Open Patrick-PhoenixAI opened 4 years ago

Patrick-PhoenixAI commented 4 years ago

Hi @PingoLH

I am trying to convert the HarDNet pytorch segmentation model into a TensorRT engine to speedup the process, I want to use the model on a Jetson Xavier device.

Could you please give some advice or some guidance for the conversion process?

PingoLH commented 4 years ago

Hi, this repo is very helpful for converting the model quickly: https://github.com/NVIDIA-AI-IOT/torch2trt

JosephChenHub commented 4 years ago

Hi @PingoLH

I am trying to convert the HarDNet pytorch segmentation model into a TensorRT engine to speedup the process, I want to use the model on a Jetson Xavier device.

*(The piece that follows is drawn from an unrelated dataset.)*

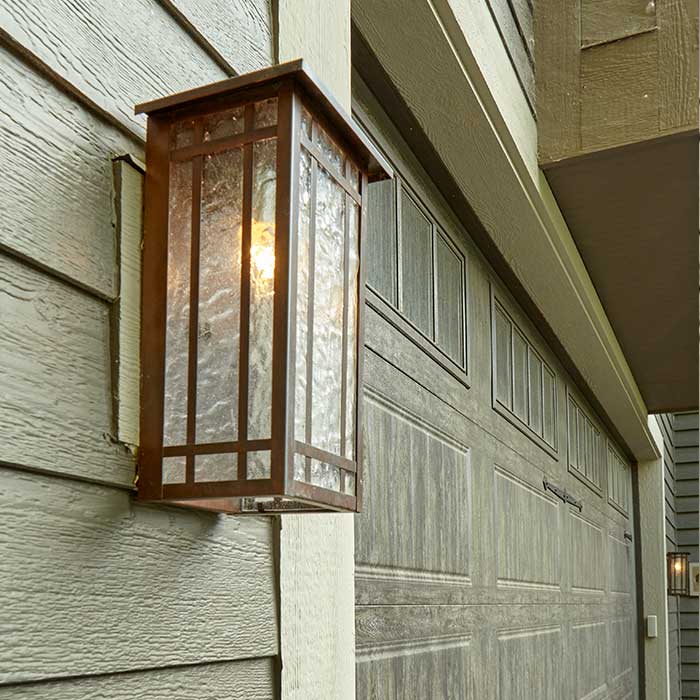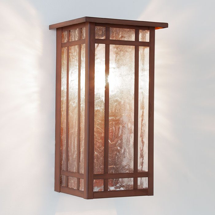 Shown above is our Studio Lantern 7 inch Wide Flush Mount Interior/Exterior Wall Light with Roof. The streamlined design of the linear sconce is inspired by Asian and Prairie School influences. Shown in rich Architectural Bronze finish with clean Sandblast Frost art glass panels and Prairie decorative Overlay, the handcrafted made in Milwaukee Studio Lantern is at home both indoors and out. Tailor the Studio Lantern to suit your interior or exterior location by choosing from 6 high quality metal finishes, 9 art glass panel options, and 3 decorative Overlays. For a more modern look for mid-century and ranch style homes, choose the No Overlay option. If you have questions regarding the best design for your Studio Lantern, please contact our sales team for helpful lighting tips.

Could you please give some advice or some guidance for the conversion process?

I can give you some advices based on my own experience. I have converted the HardNet model to TensorRT, and the inference speed including preprocessing the image is about 28ms (640x640). Here are the key steps: 1.) replace the F.interpolate with your custom interpolation method (you just need to register a new class using python), then convert the model to onnx file (I use PyTorch 1.2.0, onnx opset_version:9) 2.) implement a plugin of interpolation using TensorRT API, and add the plugin lib to the tool `https://github.com/onnx/onnx-tensorrt.git' . After compiled and linked the plugin, you can convert the onnx file to TensorRT engine file. 3.) use OpenCV to read images, and deserialize the TensorRT engine file to run inference. (by c++)

electronicYH commented 4 years ago

@JosephChenHub Could you please tell me how to replace the F.interpolate with your custom interpolation method. Thank you for your help!